Sunday, August 10, 2008

Literary Love

This is what happens. You’re in a library on a Monday night, wandering around half-heartedly, wondering how long you’re going to put off your homework, when suddenly you see a gorgeous guy browsing in the nonfiction. Before you know it, your staring at him stupidly while a fantasy bursts to life in your head without your consent… You, him, a castle or maybe a cottage or beach house, love, happiness, whispered promises of forever…

Okay, at least that is what happens to me. I have these fantasies about how romance should be, about how I want it to happen for me. Most of these fantasies are a jumbled reincarnation of all the romantic comedies I’ve seen or romance novels I’ve read. I have found that if you were to throw together all of these movies and books, you’d find only two different scenarios, only with different names and varying degrees of charming character flaws.

In scenario number one, you have the beautiful but slightly damaged woman in need of rescuing, usually with a name like Shanna or Rebecca, who can’t help but fall prey to the cold, self-centered men who make them weak and weepy. Then you’ve got your aggressive, roughish man, Drake or Jonathan, who’s brooding good looks go unnoticed by him and he can’t imagine why women collectively sigh and swoon whenever he’s rescuing babies or fighting crime. Drake too is misunderstood, and he’s jaded by women who only want him for the good looks he still has yet to admit he has. But wait! Here comes Shanna who notices his good looks but looks beyond them to the misunderstood man beneath, and finally – FINALLY – they each have found someone who understands them, who looks beyond all the physical beauty, into the beauty of their souls, of their minds, the things that truly matter.

In scenario number two, the woman is confident (still beautiful, of course) and self-sufficient, with a name like Charlie or Sam (something befitting of a woman who defies traditional gender roles) who is still damaged, but not as weepy as Shanna, and who hates men until she meets the one who’s witty enough and sensitive enough to make her feel again. And that’s where quirky, artsy, and always funny man number two (let’s call him Remy) comes in, whose heart has been broken by carbon-copy blondes who can’t appreciate his love of art or passion for playing the guitar. He happens to run into Sam, spilling coffee on her high powered low-cut suit or something equally choreographed, and he sees the real woman underneath, the woman who, as a little girl, had dreams of making pottery or helping orphans, and doesn’t really care about her 6 figure paycheck. Remy helps Sam loosen up and Sam in turn helps Remy see his potential and in the end they both succeed and fall in love.

Happily ever after. The end. Lights out.

I fall victim to these scenarios all the time, whether they play out in a book, on a screen or in my head. Then as soon as I’m done dreaming, watching or reading these scenarios, the blinding lights of reality send my mind crashing back to where I really am: single, lonely, and wondering what the hell I’m doing with my life. Or as it happened last Monday, standing in a library, clutching a math book, and still staring at Mr. Gorgeous.

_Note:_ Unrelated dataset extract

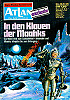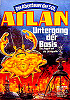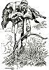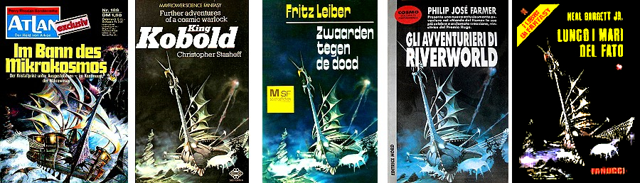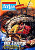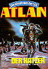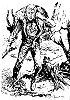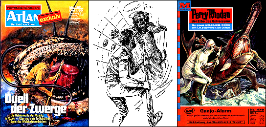 Mann wehrt sich mit einem Speer gegen ein Wesen mit Riesenauge bzw. mit einer Stange gegen einen Säbelzahntiger bzw. ein Außerirdischer mit Harpune gegen Fischwesen

I don’t know who he was, but he reminded me of why I hate being single. Before I could stop myself, I started envisioning how cool it would be to date someone who loved reading as much as I did; who would understand my obsession with David Sedaris and my love of the way new books smell.

For so long I have been hiding and pretending, all the while waiting, for this person. Not for library boy specifically, but what he represents. It’s such an awful feeling sometimes, this waiting. It’s not that I think about it all the time or that I’ve stopped living just to wait for it. I live my life and have fun, but the feeling is always there in the back of my mind. Like the old leaky faucet, drip drip dripping a reminder that I’m still alone no matter how many people I surround myself with. Usually, I ignore it enough to enjoy my life anyway. Because really, I don’t need a significant other right this second to make life worth living.

Still…

I hope and pray that there is someone out there for me. I live for hope. That’s all I have. It’s the only thing I have the power to possess or destroy. No one can take it from me. At the end of the day when I’m mulling over everything my life has become and everything it will never be, hope is what gets me through.